■ WORK REQUIRED ■
Exclude the pictures and retype the entries as written.

[Data records]

↓↓↓

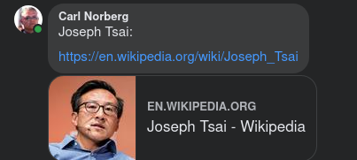 https://en.wikipedia.org/wiki/Joseph_Tsai?fbclid=IwAR0VLnQVPX261UZiH1wDvtLgzFxKeoj8roKJEN1ER2_a9ZsglxqnDPkYXvA
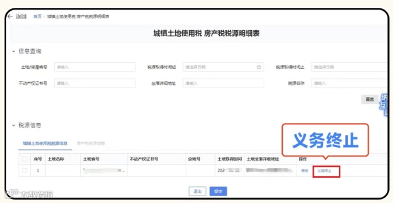 点提示里的【义务终止】,再按指引选 “申报缴纳税款”,填好租赁地址、租期,系统会算应缴税额,缴完就清了。
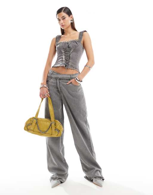 Conjunto vaquero gris lavado de top corsetero con cordones y ribete de encaje y pantalones vaqueros de Lioness
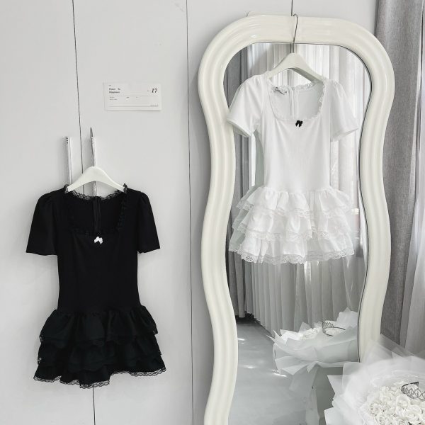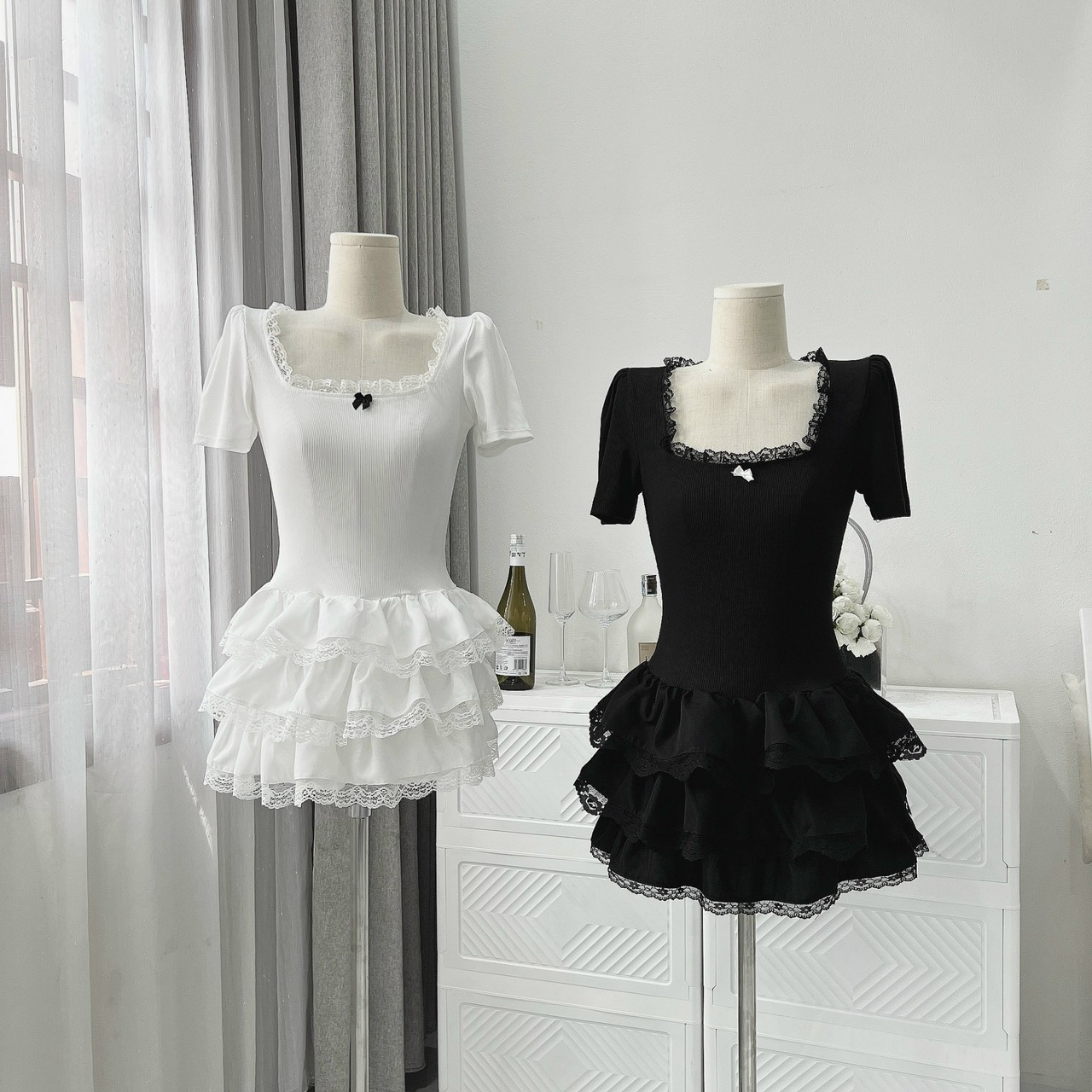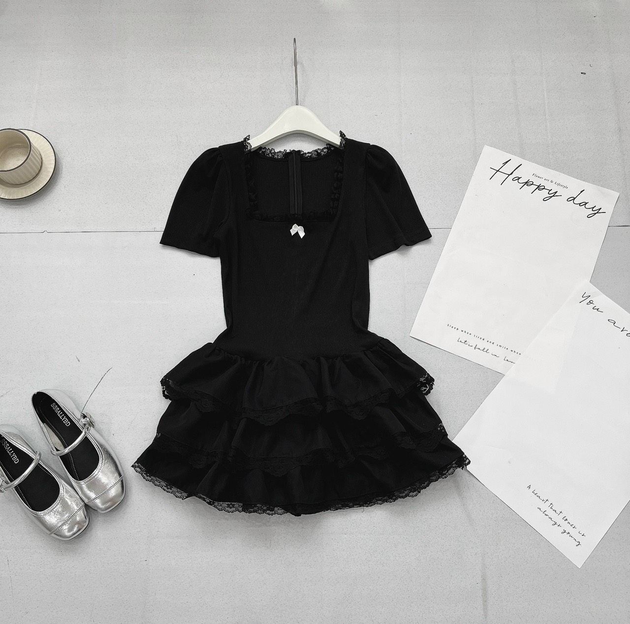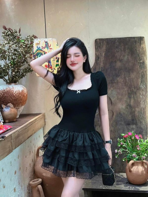 Váy Body Cổ Vuông Phối Ren Nơ Chân Váy Tầng Gấu Kết Hợp Ren Hiện Đại Có Quần Bảo Hộ
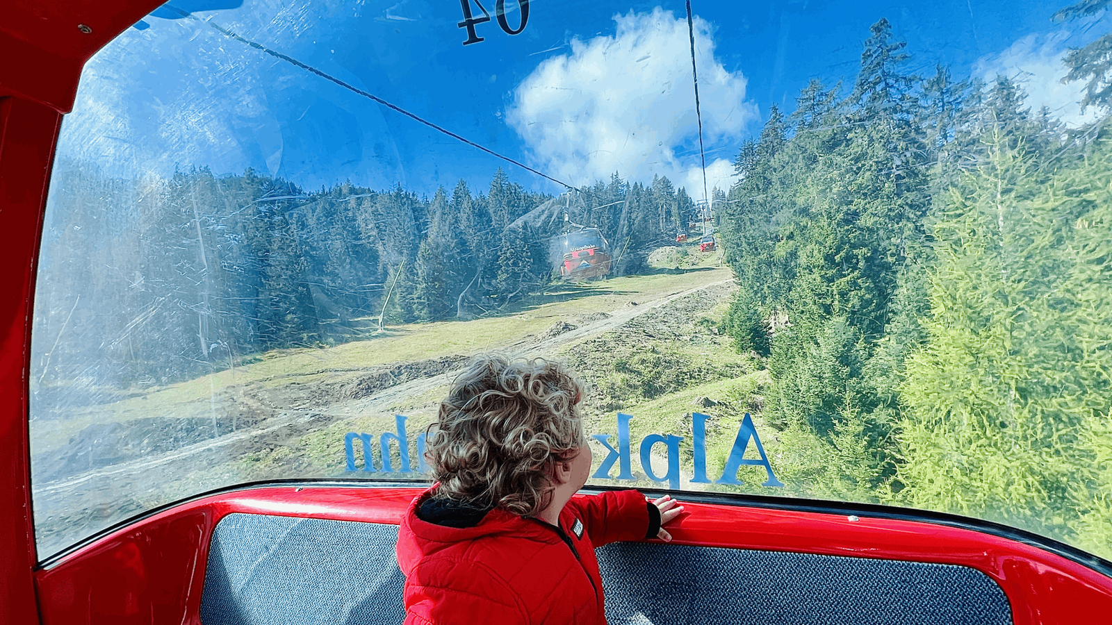 Die Bergbahn-Highlights für unseren Sohn: jedes Mal, wenn es ein bisschen gewackelt hat, und die Kühe, die wir auf einigen Fahrten sehen und hören konnten.
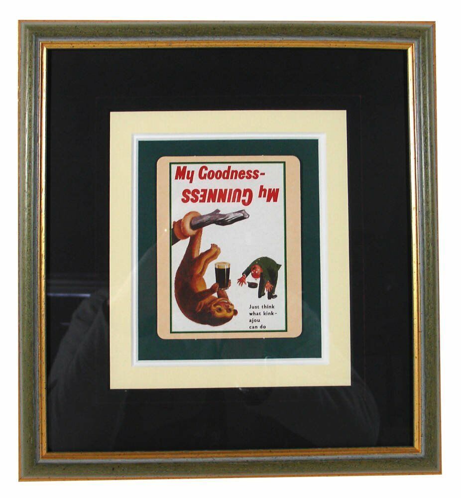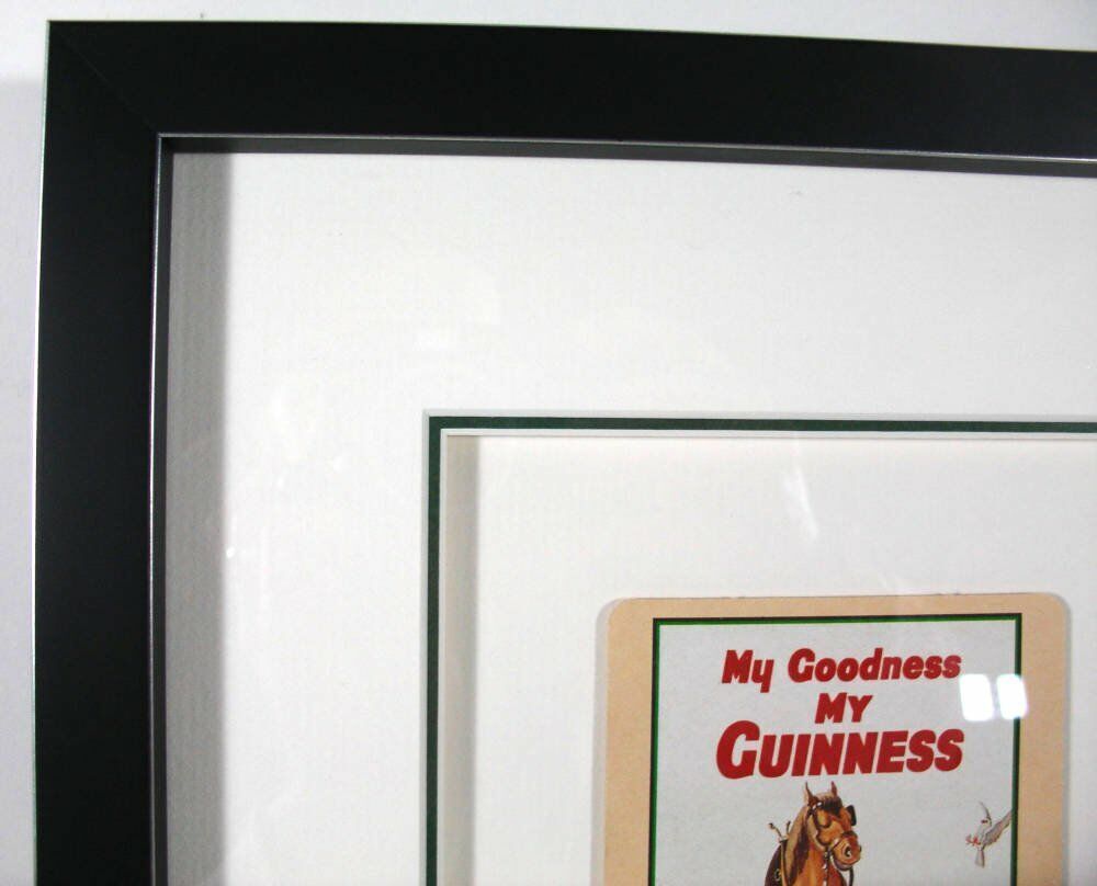 These two distinctive Guinness coasters were brought to us for framing in 2012, and show artwork from advertisements originally designed by John Gilroy in the 1930's.

↑↑↑

■ RESULT OF THE EXERCISE ■
 https://en.wikipedia.org/wiki/Joseph_Tsai?fbclid=IwAR0VLnQVPX261UZiH1wDvtLgzFxKeoj8roKJEN1ER2_a9ZsglxqnDPkYXvA
 点提示里的【义务终止】,再按指引选 “申报缴纳税款”,填好租赁地址、租期,系统会算应缴税额,缴完就清了。
 Conjunto vaquero gris lavado de top corsetero con cordones y ribete de encaje y pantalones vaqueros de Lioness
 Váy Body Cổ Vuông Phối Ren Nơ Chân Váy Tầng Gấu Kết Hợp Ren Hiện Đại Có Quần Bảo Hộ
 Die Bergbahn-Highlights für unseren Sohn: jedes Mal, wenn es ein bisschen gewackelt hat, und die Kühe, die wir auf einigen Fahrten sehen und hören konnten.
 These two distinctive Guinness coasters were brought to us for framing in 2012, and show artwork from advertisements originally designed by John Gilroy in the 1930's.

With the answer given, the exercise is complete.